I think my weirdest hostile driver experience so far was someone screaming at me to "get in the bike lane" on a street with a sharrow π€·
@mcmoots Interesting. I guess outside of a protected bike lane you're never really safe from cars and that's something you have to accept when biking in the city.
Also yeah, I've been told in general that cars have no idea how to share the road with bikes.
@bilbono
I bike in Chicago, which honestly makes it so much easier to get around - quicker than the train or bus in a lot of cases and no more bus transfers.
There are barely any hills here which makes it less physically challenging, but also very windy....
Traffic took a lot of my attention at first, but I got used to it a lot like I did when I was first learning to drive.
@bilbono
Another pro is actually getting to know the streets and neighborhoods around you instead of just the ones around the stations you use!
@doodler This is a good point I hadn't considered.
@bilbono I biked SF downtown every day for 4 years and never had an injury. Bike infrastructure is rapidly improving in SF, esp. around Folsom and 7th Sts. Still not π―, but not terrible either! Also, sfbike.org has urban biking classes which I've heard great things about!

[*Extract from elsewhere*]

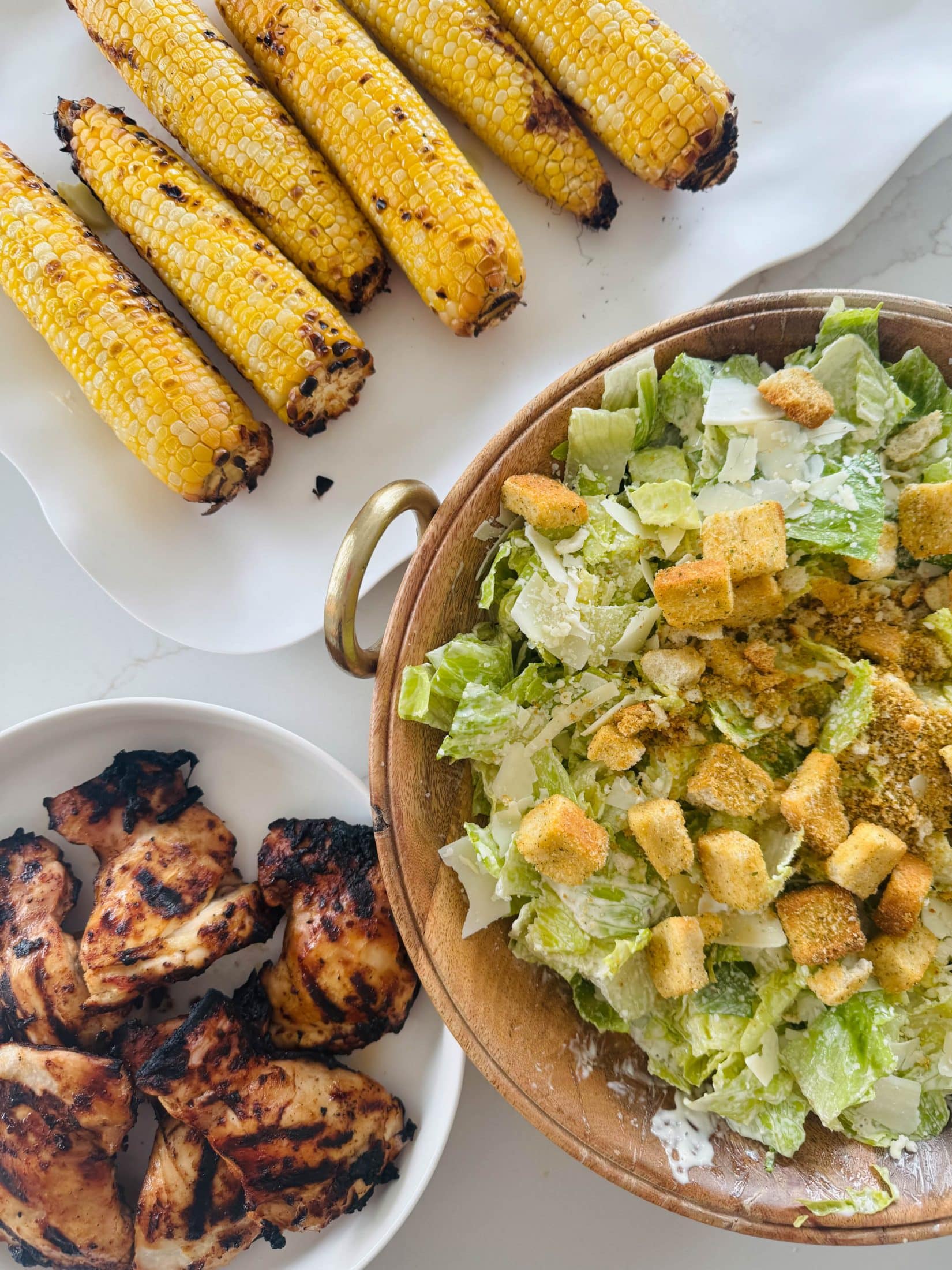 20 minute dinner I threw together tonight! Corn, grilled chicken, caesar. The best.
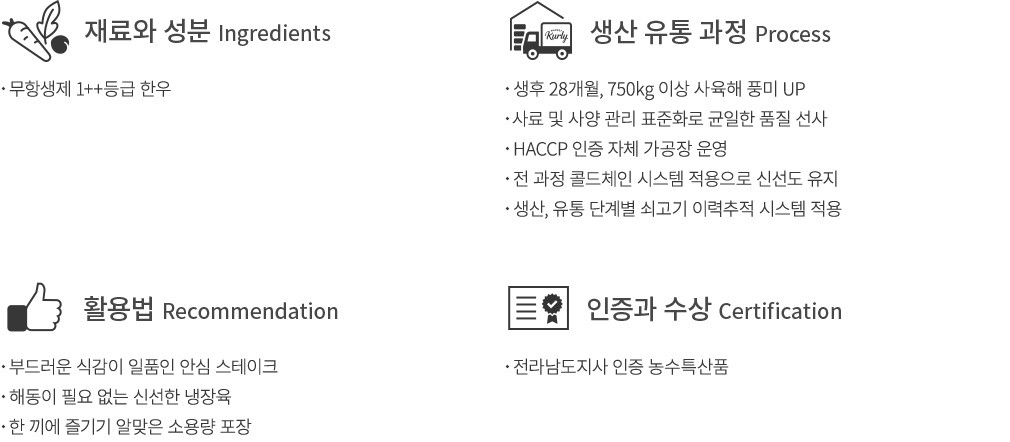 정육 상품의 특성상 3% 내외의 중량 차이가 발생할 수 있습니다. 상품 수령 후 최대한 빠른 시일내에 섭취를 권장드립니다. / 비닐포장 등에 의해 산소가 공급되지않아 간혹 검붉게 변하는 현상이 발생할 수 있으나, 산소와 접촉하면 선홍색으로 돌아오는 점 안내드립니다.

@nornagon Exactly what I was hoping to hear! Urban biking classes would make me feel a lot more comfortable I think.
im chicagoan biker: grid, flat biking with lots of cars and traffic, rubble sometimes
Remember to get a bike with gear shifting for those steep san fran hills!
Bikes the best way to open up the freedom of living in a city, especially the size of san fran at least thats what ive found. My family digs biking the surrounding area too
@bilbono I bike around Seattle, which has similar hills (and similar cars, though I feel like SF drivers are more aggressive in general). Hills + roads with too much traffic to ride on definitely change which places feel "nearby" on a bike, but as you learn good routes, the city opens up. Even when I've let my fitness lapse a bit I still feel like I can go where I want without problems, with maybe 1-2 exceptions - and I can put my bike on the bus to get up those.